Secretary of State of Texas Acting
- In office December 17, 2018 – May 27, 2019
- Governor: Greg Abbott
- Preceded by: Rolando Pablos
- Succeeded by: Ruth R. Hughs

Personal details
- Born: Alice, Texas, U.S.
- Political party: Republican
- Education: University of Texas at Austin (BS, JD)

= David Whitley (politician) =

American attorney and consultant

Gregory David Whitley is an American attorney and consultant to the Republican Party who asked to be appointed to the position of Acting Secretary of State of Texas by Texas Governor Greg Abbott. He served from December 2018 to May 2019. Whitley's confirmation was marred by his miscalculation calling for the investigation of 95,000 voters he identified as illegal. Republican President Donald Trump used this alleged information to claim widespread illegal voting in the United States. Whitley could not muster enough votes in the Texas Senate to be confirmed and he resigned shortly before their session ended.

==Career==
Originally from Alice, Texas, Whitley earned his bachelor's degree and Juris Doctor from the University of Texas at Austin. In 2004, he began working for Abbott, who was at that time Attorney General of Texas. When Abbott was elected Governor of Texas, he appointed Whitley as Acting Secretary of State to succeed Rolando Pablos, on December 17, 2018.

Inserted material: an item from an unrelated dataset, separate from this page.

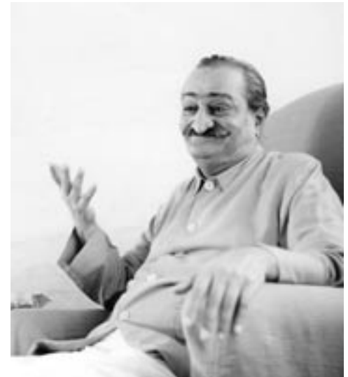
האנוכיות של כולם היא מקור הייסורים הבלתי פוסקים.

As Secretary of State preceding the 2020 United States presidential election in Texas, Whitley identified 95,000 voters who he claimed may be noncitizens and sent the names to county election boards in January 2019 for reconsideration and validation that they were indeed eligible to vote. It was found that tens of thousands of the individuals on the list actually were valid voters, and several lawsuits were filed to stop the attempted voter purge. One election official in Fort Bend was quoted that while more than 8,000 voters were on the list to be challenged, only two were actually found. Fred Biery, a judge on the United States District Court for the Western District of Texas, blocked further removal.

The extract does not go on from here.